One can imagine a design where instead of a single default conformance
requirement `T: Copyable` being introduced above, we also add a requirement
`T.Element: Copyable`. This would preserve source compatibility and our
function `f()` would continue to work as before.

However, this approach introduces major complications, if we again consider
protocols that impose conformance requirements on their associated types.

Consider this simple protocol and function that uses it:
```swift
protocol P: ~Copyable {
  associatedtype A: P, ~Copyable
}

func f<T: P>(_: T) {}
```
Our hypothetical design would actually introduce an infinite sequence of
requirements here unless suppressed:
```swift
func f<T: P>(_: T) /* where T: Copyable, T.A: Copyable, T.A.A: Copyable, ... */ {}
```
Of course, it seems natural to represent this infinite sequence of requirements
as a new kind of "recursive conformance" requirement instead.

Swift generics are based on the mathematical theory of
_string rewriting_, and requirements and associated types define certain _rewrite
rules_ which operate on a set of terms. In this formalism, a
hypothetical "recursive conformance" requirement corresponds to a rewrite
rule that can match an infinite set of terms given by a _regular expression_.
We would then need to generalize the algorithms for deciding term equivalence to
handle regular expressions. While there has been research in this area,
the design for such a system is far beyond the scope of this proposal.

### `~Copyable` as logical negation

Instead of the syntactic desugaring presented in this proposal, one can attempt to
formalize `T: ~Copyable` as the _logical negation_
of a conformance, extending the theory of Swift generics with a fifth requirement kind to
represent this negation. It is not apparent how this leads to a sound and
usable model and we have not explored this further.

Future Directions

Suppressed associated types

Supporting the full generality of associated types with suppressed Copyable requirements, while providing a mechanism to preserve source compatibility is a highly desirable goal. At the same time, it is a large, open design problem. A few ideas were considered (see Alternatives Considered) but it was ultimately determined to be too complex to tackle in this proposal.

Standard library adoption

The Optional and UnsafePointer family of types can support noncopyable types in a straightforward way. In the future, we will also explore noncopyable collections, and so on. All of this requires significant design work and is out of scope for this proposal.

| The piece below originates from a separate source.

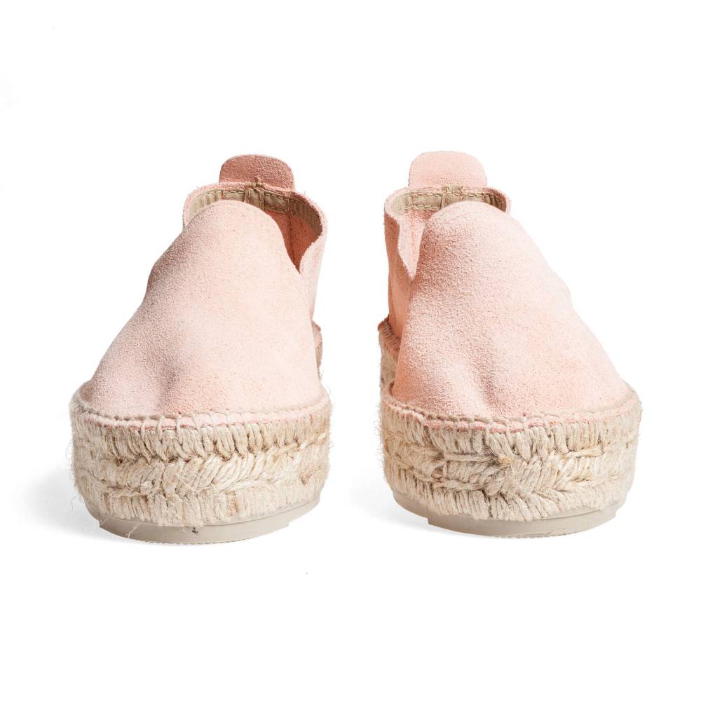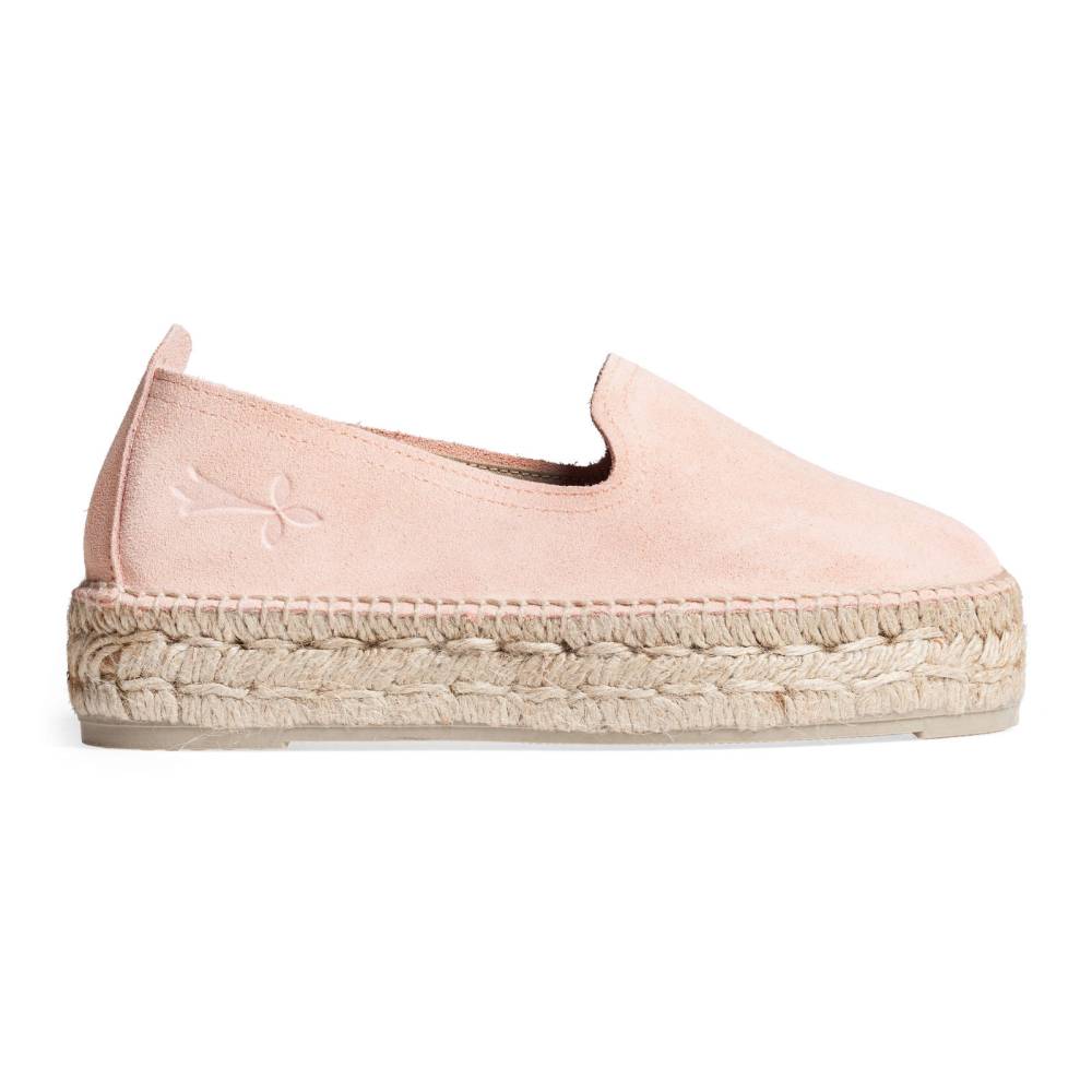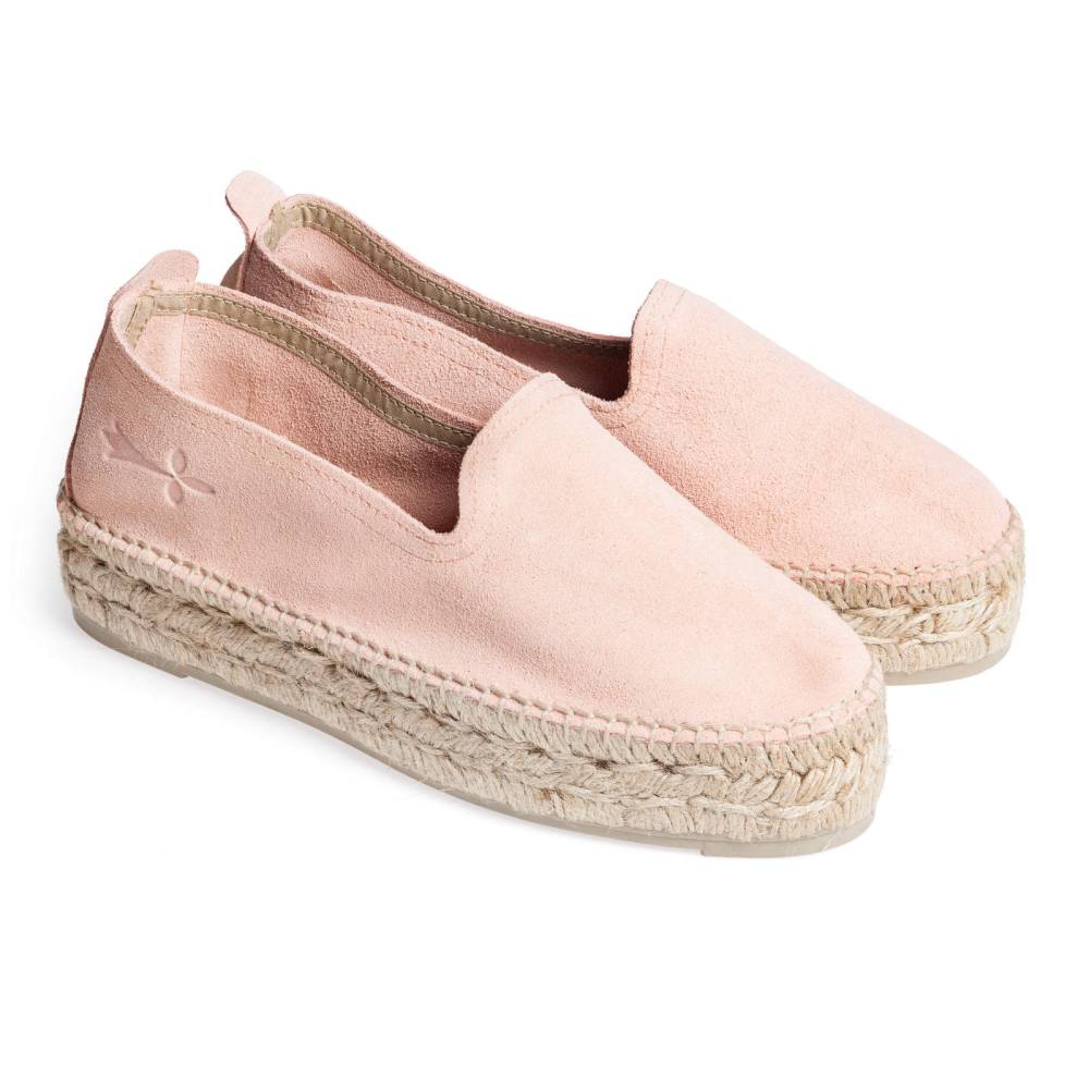 Женские эспадрильи Manebi созданы из качественных натуральных материалов. Верх выполнен из мягкой розовой замши. Подошва состоит из нескольких слоёв джута - натурального волокнистого материала, используемого для производства мешков и канатов. Благодаря джуту обувь имеет высокую воздухопроницаемость и идеально подходит даже для самой жаркой погоды. От влаги и изнашивания джутовую подошву защищает тонкий слой натурального каучука.

Tuples and parameter packs

Noncopyable tuples and parameter packs are a straightforward generalization which will be discussed in a separate proposal.

~Escapable

The ability to "escape" the current context is another implicit capability of all current Swift types. Suppressing this requirement provides an alternative way to control object lifetimes. A companion proposal will provide details.

Acknowledgments

Thank you to Joe Groff and Ben Cohen for their feedback throughout the development of this proposal.